«Казерта, 29 апреля 1795 г.

Дорогая миледи, только что прибыл курьер из Испании. Бильбао пошел на капитуляцию, вся Бискайя принадлежит теперь французам. Тем не менее на двор и министров можно якобы вполне положиться. Алькудия сказал нашему послан нику, что потеря невелика и все еще наладится.

Это мне совершенно непонятно. Странным образом французский генерал Монсей оказывает испанским курьерам ряд любезностей, выдает им паспорта, рекомендации. Что мне думать об этом? Я ломаю себе голову!

Депешу сейчас расшифровывают; как только я узнаю больше, сейчас же сообщу Вам. До свидания, тысяча приветов сэру Уильяму от всей Вашей Шарлотты».

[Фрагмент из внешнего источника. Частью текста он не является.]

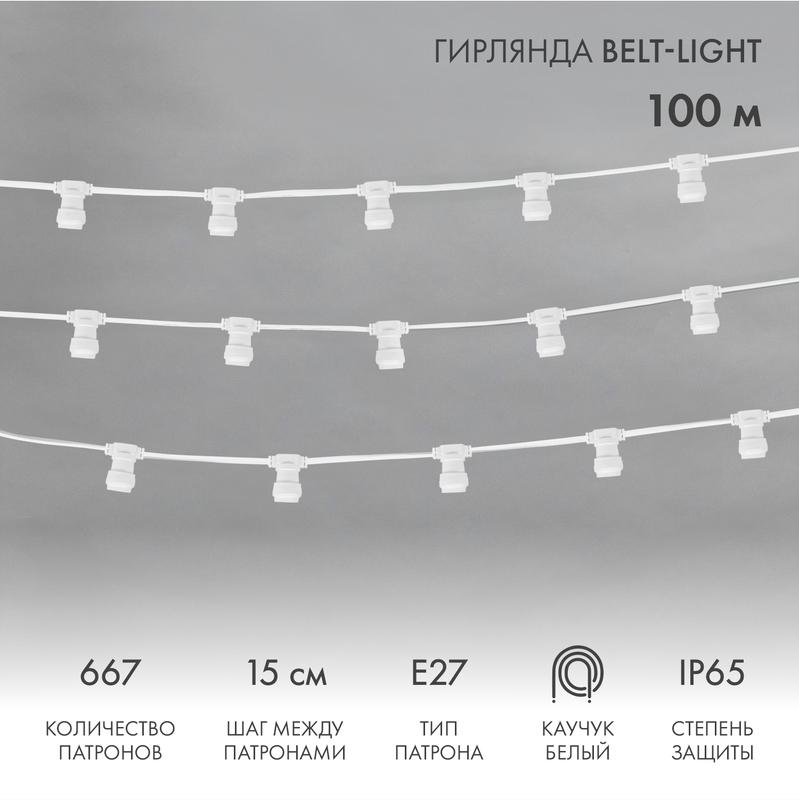Гирлянда Белт-Лайт 100 м, E27, 667 патронов, шаг 15 см, IP65, белый ПВХ

Эту записку Эмма получила рано утром. Через два часа пришла вторая:

«Дорогая миледи, я так сбита с толку и взволнованна, что не знаю, что делать. Авось мне удастся повидать Вас завтра в десять часов.

При сем депеша из Испании. Но Вы должны вернуть ее мне самое позднее через сутки. Нельзя, чтобы король хватился ее. В депеше находятся в высшей степени интересные для английского правительства вещи. Я сообщаю ее Вам, чтобы доказать Вам свою симпатию, а достойному шевалье [16] — свое доверие. Только прошу не скомпрометировать меня! До свидания! Сколько нового придется нам завтра сказать друг другу! Ваша верная подруга Шарлотта».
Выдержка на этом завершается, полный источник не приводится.